+++ Given data +++
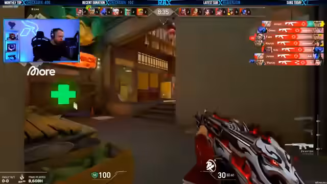 00:00:54Der Stream beginnt mit einem Match-Found-Sound in einem Deathmatch-Modus, der als Warm-up dient. Kurz darauf folgt die Begrüßung des Publikums und das Durchgehen der monatlichen Subs, darunter ein Fan, der seit 41 Monaten dabei ist, was als Zeichen von Treue gewürdigt wird. Es wird klar, dass der Fokus auf der gemeinsamen Zeit liegt, nicht auf Abos. Dieser erste Teil setzt den Ton für den kompetitiven, aber unterhaltsamen Character des Streams, in dem der Streamer direkt in die erste Runde eines Matches startet.
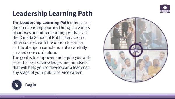 The Leadership Learning Path offers a self-directed learning journey through a variety of courses and other learning products at the Canada School of Public Service and other sources with the option to earn a certificate upon completion of a carefully curated core curriculum. The goal is to empower and equip you with essential skills, knowledge, and mindsets that will help you to develop as a leader at any stage of your public service career.
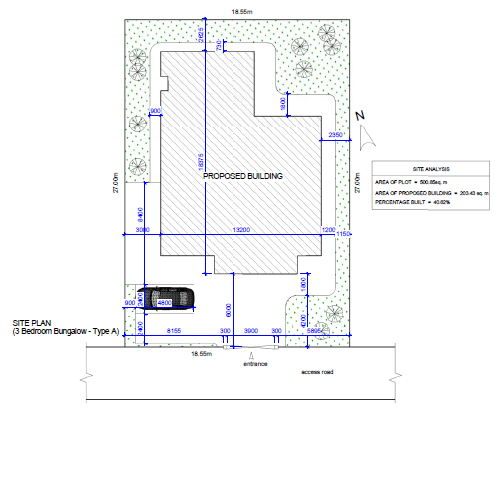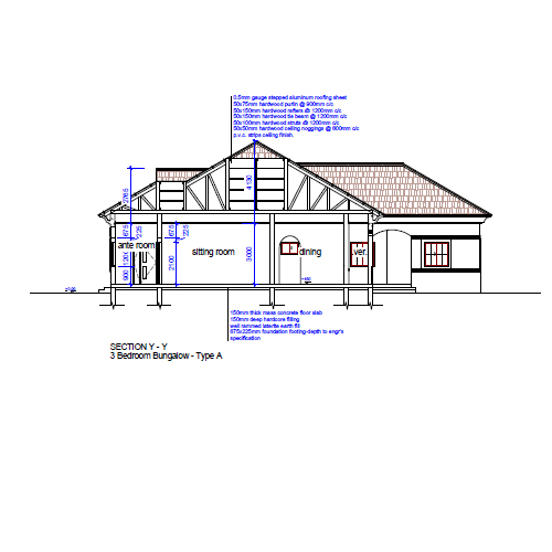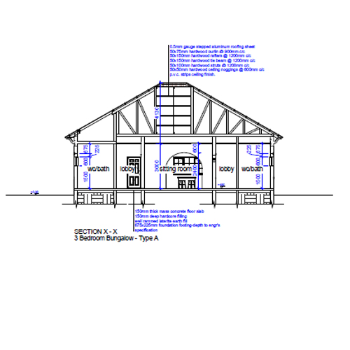 Three (3) bedroom bungalows for medium income earners – This is an all-en-suite three (3+1) big sized bedrooms fully detached house designed with capacity to easily transit from a regular family house to a deluxe and comfortable home for a medium sized family. It is sitting on 500sqm land space. All rooms come with wall-to-wall wardrobes; master's bedroom is created to accommodate a Jacuzzi; a large living room with an ante-room and guest toilet; a dinning room; a large sized kitchen space with store; and also, a laundry with a janitor.
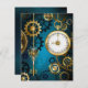Turquoise, textured, steampunk background with brass and gold gears, a silver key and the clock. Steampunk style.
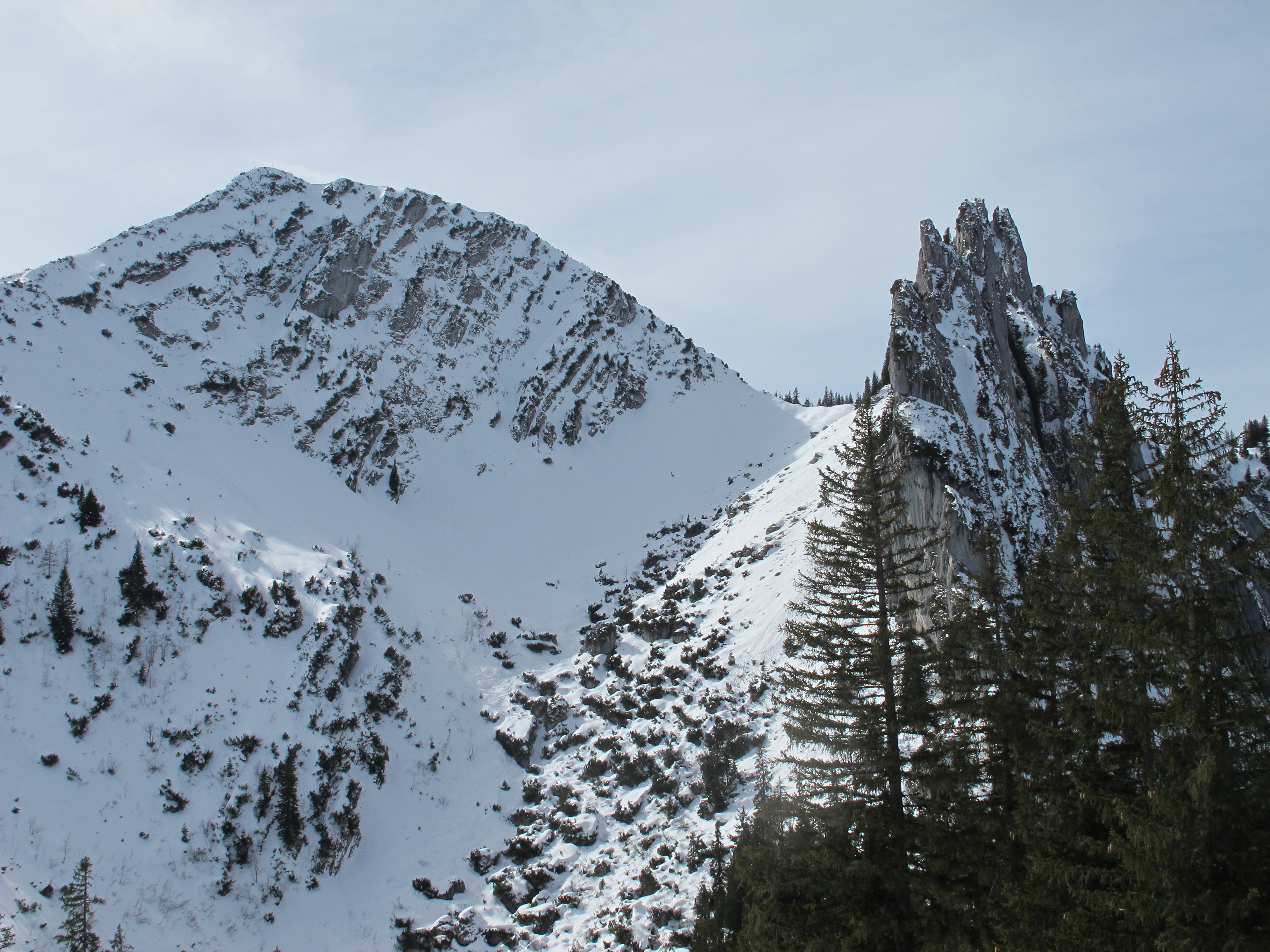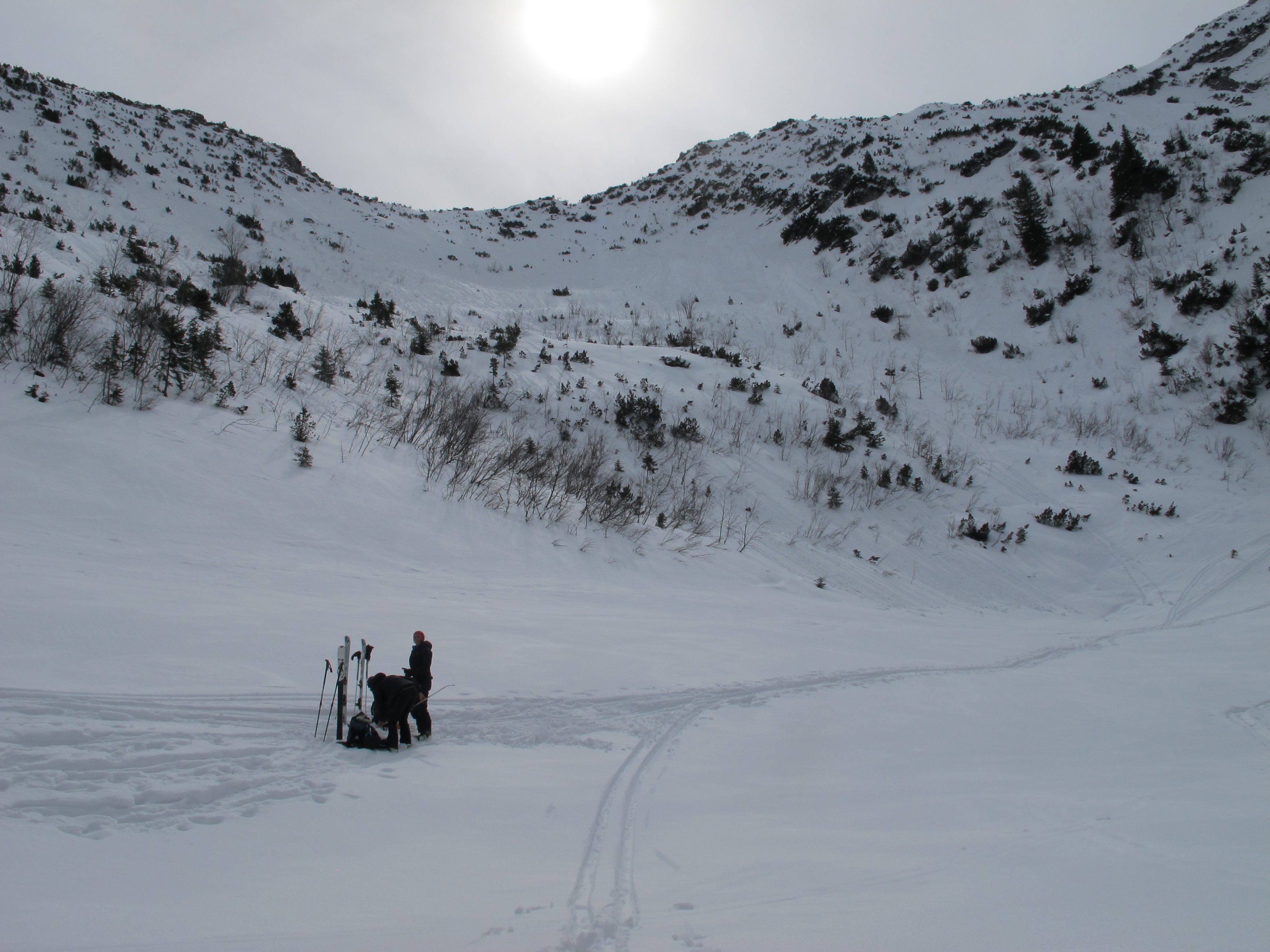 Tourenverhältnisse: passabel bei angepasster Fahrweise, der Pulverschnee vom Vortag war schon sehr schwer.
+++
## Aim of the task
The expected output is each entry given again word for word, with pictures dropped.

## Answer box
 00:00:54Der Stream beginnt mit einem Match-Found-Sound in einem Deathmatch-Modus, der als Warm-up dient. Kurz darauf folgt die Begrüßung des Publikums und das Durchgehen der monatlichen Subs, darunter ein Fan, der seit 41 Monaten dabei ist, was als Zeichen von Treue gewürdigt wird. Es wird klar, dass der Fokus auf der gemeinsamen Zeit liegt, nicht auf Abos. Dieser erste Teil setzt den Ton für den kompetitiven, aber unterhaltsamen Character des Streams, in dem der Streamer direkt in die erste Runde eines Matches startet.
 The Leadership Learning Path offers a self-directed learning journey through a variety of courses and other learning products at the Canada School of Public Service and other sources with the option to earn a certificate upon completion of a carefully curated core curriculum. The goal is to empower and equip you with essential skills, knowledge, and mindsets that will help you to develop as a leader at any stage of your public service career.
 Three (3) bedroom bungalows for medium income earners – This is an all-en-suite three (3+1) big sized bedrooms fully detached house designed with capacity to easily transit from a regular family house to a deluxe and comfortable home for a medium sized family. It is sitting on 500sqm land space. All rooms come with wall-to-wall wardrobes; master's bedroom is created to accommodate a Jacuzzi; a large living room with an ante-room and guest toilet; a dinning room; a large sized kitchen space with store; and also, a laundry with a janitor.
Turquoise, textured, steampunk background with brass and gold gears, a silver key and the clock. Steampunk style.
 Tourenverhältnisse: passabel bei angepasster Fahrweise, der Pulverschnee vom Vortag war schon sehr schwer.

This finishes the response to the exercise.